- Requirement: Everything from the line containing "2000S Navy Blue" through the line containing "Ohrringe Ciao Rosy" in the listing below should be copied exactly, and nothing more.

── Material for the task ──

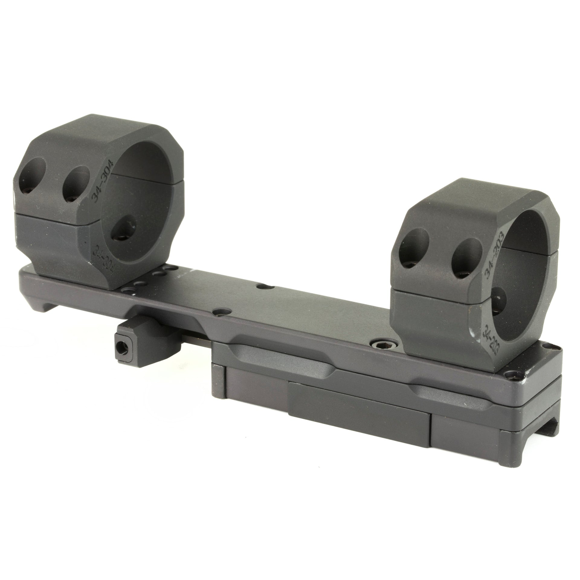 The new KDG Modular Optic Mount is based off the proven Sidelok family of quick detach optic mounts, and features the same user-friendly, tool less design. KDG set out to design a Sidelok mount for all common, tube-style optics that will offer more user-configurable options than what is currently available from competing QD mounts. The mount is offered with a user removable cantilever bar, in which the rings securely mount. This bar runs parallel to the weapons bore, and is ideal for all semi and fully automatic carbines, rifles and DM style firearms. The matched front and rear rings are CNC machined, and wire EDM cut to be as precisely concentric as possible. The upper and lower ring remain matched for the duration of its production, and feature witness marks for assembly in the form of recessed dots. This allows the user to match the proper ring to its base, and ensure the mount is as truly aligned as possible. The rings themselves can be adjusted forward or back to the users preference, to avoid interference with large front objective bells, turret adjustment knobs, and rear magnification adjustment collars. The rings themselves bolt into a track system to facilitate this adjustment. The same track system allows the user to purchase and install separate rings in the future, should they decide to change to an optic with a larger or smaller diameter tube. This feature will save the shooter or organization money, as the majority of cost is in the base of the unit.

───
── Material for the task ──

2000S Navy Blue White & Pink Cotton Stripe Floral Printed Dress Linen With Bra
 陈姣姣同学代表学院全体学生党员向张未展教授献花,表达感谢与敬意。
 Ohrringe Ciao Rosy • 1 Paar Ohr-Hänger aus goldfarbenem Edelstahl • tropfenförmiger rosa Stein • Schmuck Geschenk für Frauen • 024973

───

- Completed task:
2000S Navy Blue White & Pink Cotton Stripe Floral Printed Dress Linen With Bra
 陈姣姣同学代表学院全体学生党员向张未展教授献花,表达感谢与敬意。
 Ohrringe Ciao Rosy • 1 Paar Ohr-Hänger aus goldfarbenem Edelstahl • tropfenförmiger rosa Stein • Schmuck Geschenk für Frauen • 024973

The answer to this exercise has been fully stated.